• _DATASET_:
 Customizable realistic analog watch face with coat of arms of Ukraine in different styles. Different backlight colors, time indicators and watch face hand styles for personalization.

* * *

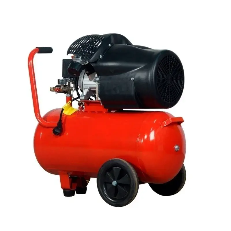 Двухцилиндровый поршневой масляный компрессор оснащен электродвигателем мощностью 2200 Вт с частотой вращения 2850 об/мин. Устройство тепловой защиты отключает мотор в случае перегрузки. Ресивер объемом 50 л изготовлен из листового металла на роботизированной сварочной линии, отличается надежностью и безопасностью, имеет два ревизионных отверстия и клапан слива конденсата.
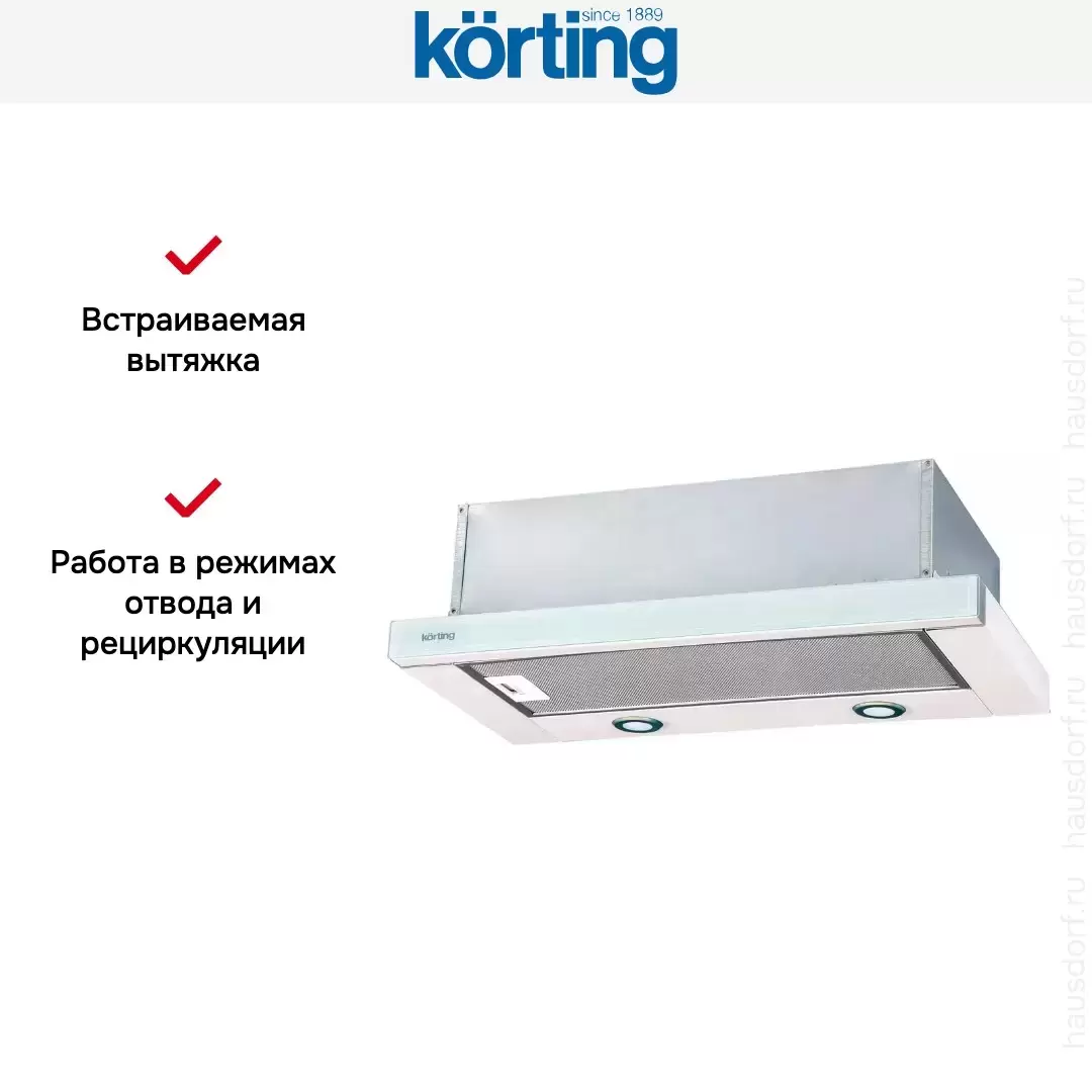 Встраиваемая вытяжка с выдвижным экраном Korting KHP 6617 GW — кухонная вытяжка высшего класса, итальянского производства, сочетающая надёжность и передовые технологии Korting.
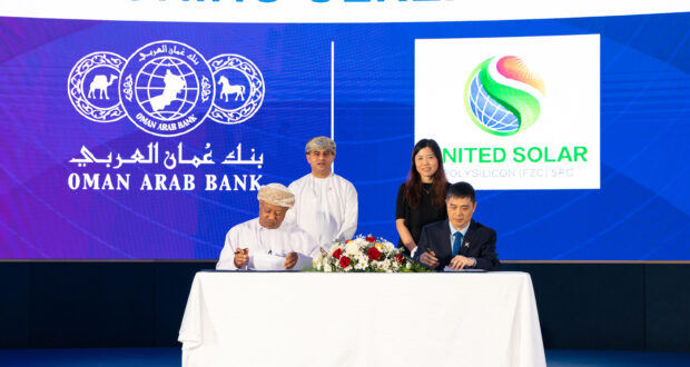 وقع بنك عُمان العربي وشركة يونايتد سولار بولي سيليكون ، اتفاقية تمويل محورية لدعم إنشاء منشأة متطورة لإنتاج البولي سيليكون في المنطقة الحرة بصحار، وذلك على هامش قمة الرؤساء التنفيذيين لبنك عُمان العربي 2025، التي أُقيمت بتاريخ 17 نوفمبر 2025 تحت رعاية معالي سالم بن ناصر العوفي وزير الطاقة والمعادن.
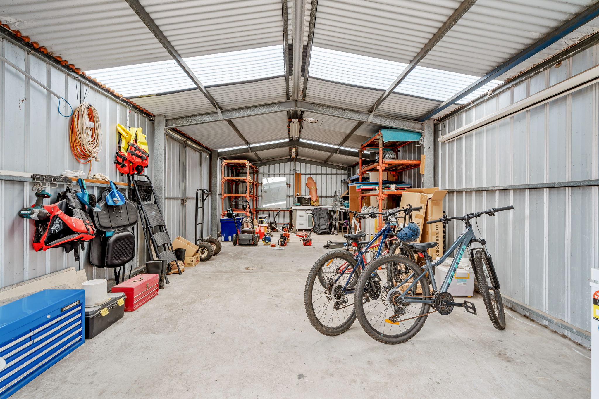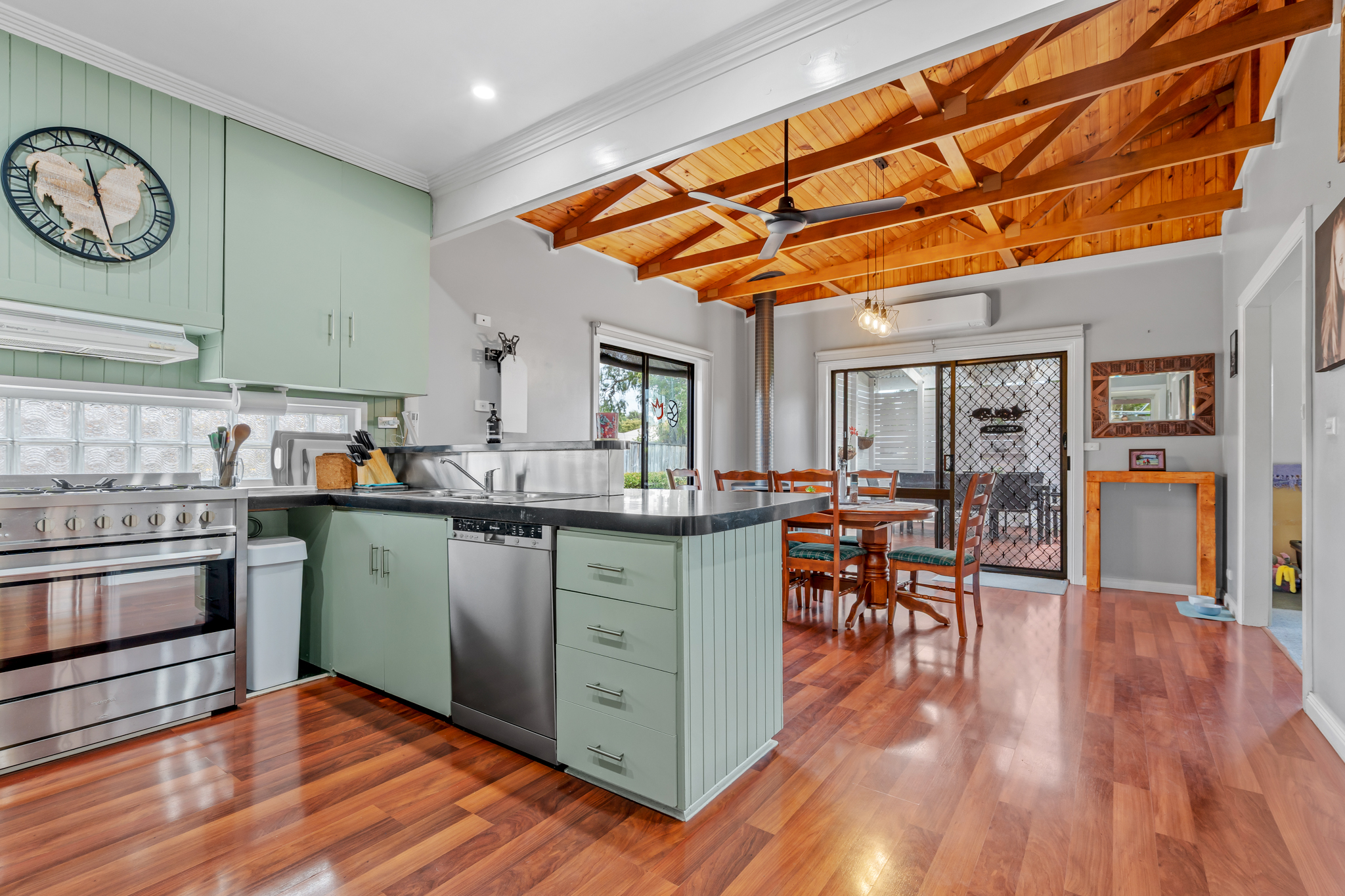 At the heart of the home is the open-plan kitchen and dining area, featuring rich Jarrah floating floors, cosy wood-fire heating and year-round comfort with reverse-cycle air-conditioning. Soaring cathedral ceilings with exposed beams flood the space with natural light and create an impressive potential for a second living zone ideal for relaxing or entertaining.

• _TASK PROMPT_: Text only, no pictures: please print exactly the lines above from the line with "Встраиваемая вытяжка с" up to and including the line with "At the heart", and nothing else.

• _EXPECTED ANSWER_:
 Встраиваемая вытяжка с выдвижным экраном Korting KHP 6617 GW — кухонная вытяжка высшего класса, итальянского производства, сочетающая надёжность и передовые технологии Korting.
 وقع بنك عُمان العربي وشركة يونايتد سولار بولي سيليكون ، اتفاقية تمويل محورية لدعم إنشاء منشأة متطورة لإنتاج البولي سيليكون في المنطقة الحرة بصحار، وذلك على هامش قمة الرؤساء التنفيذيين لبنك عُمان العربي 2025، التي أُقيمت بتاريخ 17 نوفمبر 2025 تحت رعاية معالي سالم بن ناصر العوفي وزير الطاقة والمعادن.
 At the heart of the home is the open-plan kitchen and dining area, featuring rich Jarrah floating floors, cosy wood-fire heating and year-round comfort with reverse-cycle air-conditioning. Soaring cathedral ceilings with exposed beams flood the space with natural light and create an impressive potential for a second living zone ideal for relaxing or entertaining.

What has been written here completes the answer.